Употребляя трагический стиль, скажу: вижу, судьба повелевает мне говорить только о самом себе; покоряюсь этой неумолимой судьбе. О чем же больше говорить из Европы? Притом же я здесь замечаю необыкновенную странность. Все окружающие меня жаждут знать, кто я такой. Сосед за табельдотом, видимо, страдает желанием узнать, кто я; хозяин гостиницы осведомляется о том же с участием; полиция отбирает сведения, едва скрывая любопытство. Однакож, несмотря на лестную аттестацию сию, я в обман не даюсь; на все их расспросы отвечаю таким простаком: приехал-де сюда покурить сигарочку, пробираюсь же в Баварию собственно пивца тамошнего отведать.

Выезжая из Парижа, я имел в виду насладиться созерцанием фламандца, этого существа, которое как электрический угорь, издающий удар от прикосновения, только в торжественную минуту жизни открывает все богатства, все сокровища глубокой натуры своей; но, увы, напор моральный со стороны Франции уничтожил все это племя, которого достославным представителем был всегда для меня фламандец «Конетабля Честерского»{391}. Где тяжелая походка, где эти наружное спокойствие и брюзгливость, скрывающие вполовину истинное чувство и восприимчивость сердца? Ничего нет! Во всей Фландрии фламандского только и осталось, что огромные пивные сосудины, «чаши, во истину дьяволу обреченные»{392}, по выражению Курбского, ненавидевшего несоразмерные ковши эти, как и я. Один только раз встретил фламандца, и то вне отечества: я встретил его в Лютихе, на возвратном пути из велелепной Намурской долины, орошаемой Маасом-рекою. Приехав в Лютих{393}, взял я шестидесятилетнего старика указать мне дорогу к церкви св. Иакова, узорчатой, как киосок, да к мрачному бесподобному двору бывшего дворца епископов-принцев, и этот старик оказался, во-первых, фламандцем, а во-вторых, человеком, который сперва был в Москве, как завоеватель, а потом в Саратове, как пленник. Он шагал передо мною, беспрестанно повторяя одну казацкую фразу, оставшуюся у него в памяти: «Ну, пошел на двор, собака-француз!» Фразу эту оканчивал он русской поговоркой, которая употребляется у нашего народа, как соль ко щам, как масло к каше. Я просил растолковать мне значение последней поговорки, и он сделал это так точно, как делает Дюма с иностранными речениями и обычаями. Спокойно, но медленно, как будто с усилием рассказал он мне бедствия в плену, освобождение и новые домашние бедствия… Старик окончил горькую свою повесть живым восклицанием: «А каков Париж теперь? При Наполеоне был город славный!»

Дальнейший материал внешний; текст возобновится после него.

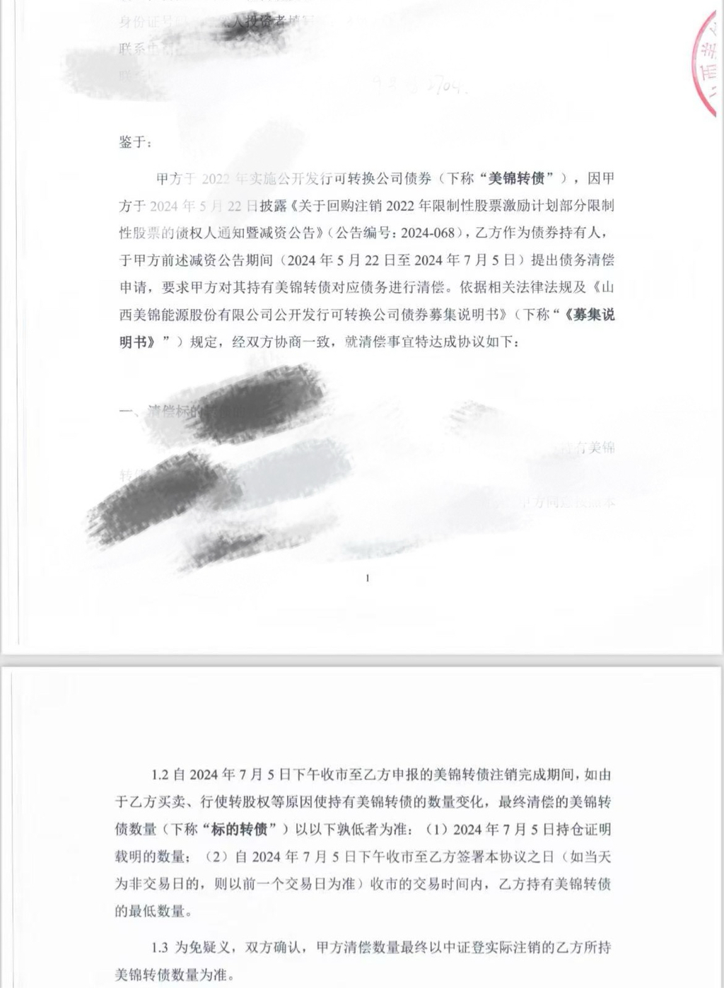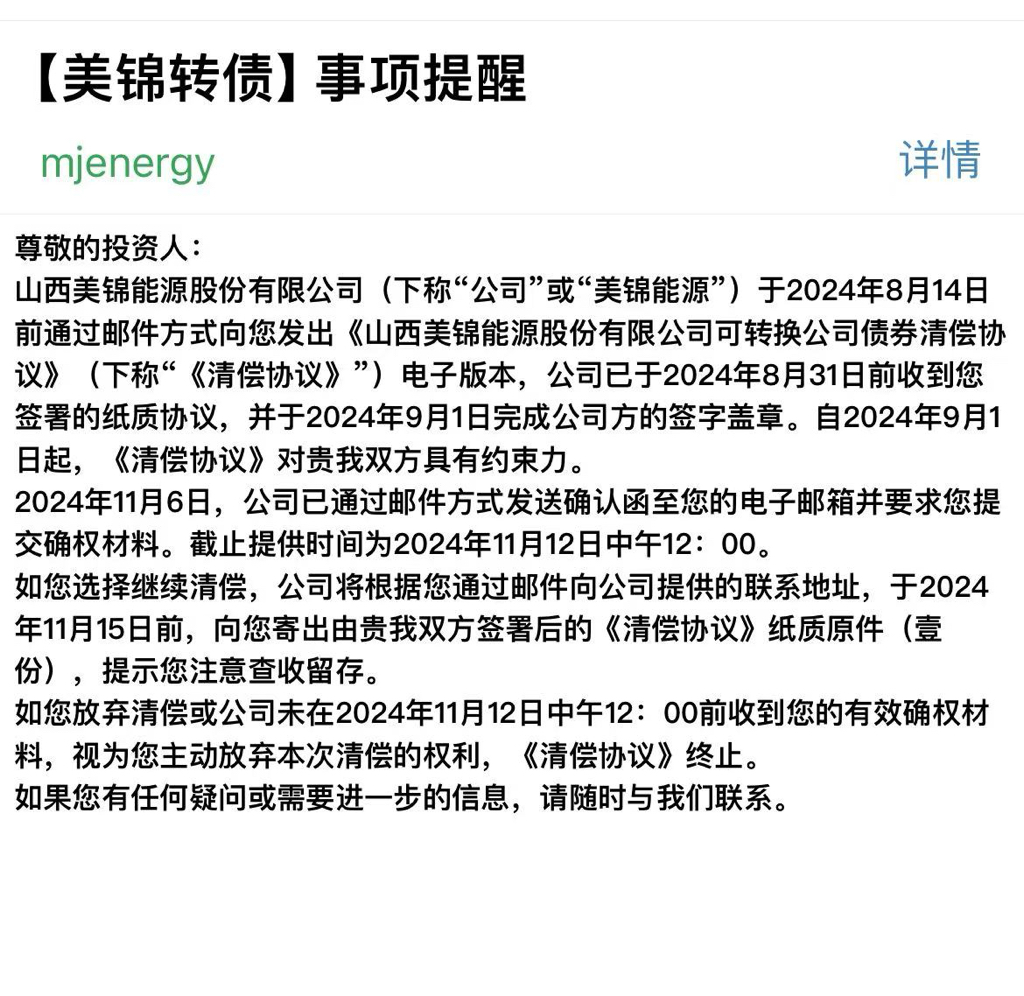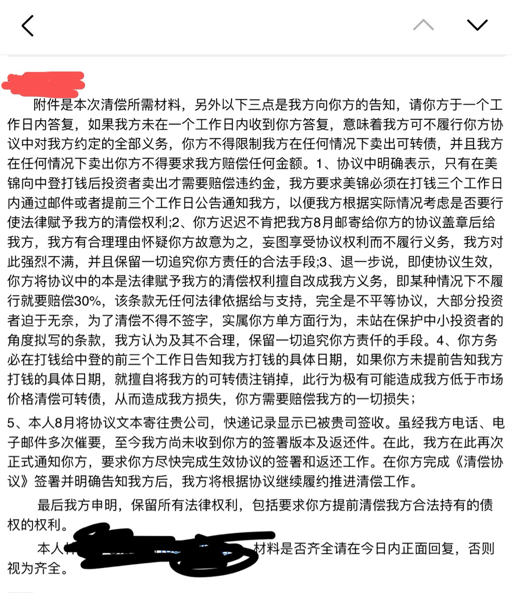 附件是本次清偿所需材料,另外以下三点是我方向你方的告知,请你方于一个工作日内答复,如果我方未在一个工作日内收到你方答复,意味着我方可不履行你方协议中对我方约定的全部义务,你方不得限制我方在任何情况下卖出可转债,并且我方在任何情况下卖出你方不得要求我方赔偿任何金额。1、协议中明确表示,只有在美锦向中登打钱后投资者卖出才需要赔偿违约金,我方要求美锦必须在打钱三个工作日内通过邮件或者提前三个工作日公告通知我方,以便我方根据实际情况考虑是否要行使法律赋予我方的清偿权利;2、你方迟迟不肯把我方8月邮寄给你方的协议盖章后给我方,我方有合理理由怀疑你方故意为之,妄图享受协议权利而不履行义务,我方对此强烈不满,并且保留一切追究你方责任的合法手段;3、退一步说,即使协议生效,你方将协议中的本是法律赋予我方的清偿权利擅自改成我方义务,即某种情况下不履行就要赔偿30%,该条款无任何法律依据给与支持,完全是不平等协议,大部分投资者迫于无奈,为了清偿不得不签字,实属你方单方面行为,未站在保护中小投资者的角度拟写的条款,我方认为及其不合理,保留一切追究你方责仟的手段。4、你方务必在打钱给中登的前三个工作日告知我方打钱的具体日期,如果你方未提前告知我方打钱的具体日期,就擅自将我方的可转债注销掉,此行为极有可能造成我方低于市场价格清偿可转债,从而造成我方损失,你方需要赔偿我方的一切损失;

Хорош и теперь. Я оставил его в страшном волнении. Начались выборы{394}. По признанию всех публицистов, от этих выборов зависит участь Франции. Все партии, все честолюбии, все надежды сшибаются, перекрещиваются, отбегают, чтобы снова ринуться; но еще никто не знает, какого цвета и характера будет новая палата. Мне пишут из Парижа, что город словно находится в осадном положении; на улицах составляются группы, и всякая страсть, подняв голову, говорит громко… Теперь, когда отдаление сгладило все подробные черты, мешавшие общему, целостному взгляду, когда едва-едва доходит до меня оттуда дрожащий голосок какой-нибудь официальной газетки, теперь припоминаю я, что прожил три фазиса, три периода парижской жизни. Сперва показалась какая-то ровная, безвыходная борьба людей и мнений; затем раздался удар реакции, под которым погнулся, будто осел, весь волкан; за ним наступила минута тишины и апатии, изредка прорезываемая еще молниями неумеренных страстей… Все на ногах опять в сию минуту, все в движении и свалке. Изменчив, необычайно изменчив город этот! Нет предмета в природе, с которым можно было бы сравнить его ртутную движимость, беспрестанную мену цветов и красок. Нельзя ничего определить вперед, ни за что/ отвечать нельзя, и самое нелепое мнение о нем может встретить неожиданное подтверждение, как самое основательное – минутный отпор.

Прощайте. Надеюсь, вы причтете в заслугу немалую мне, что я умел, сидя на Рейне, не описывать Рейна и, проехав города, полные памятников, не говорить о них!

XII

Инспрук. 12-го августа 1842 года.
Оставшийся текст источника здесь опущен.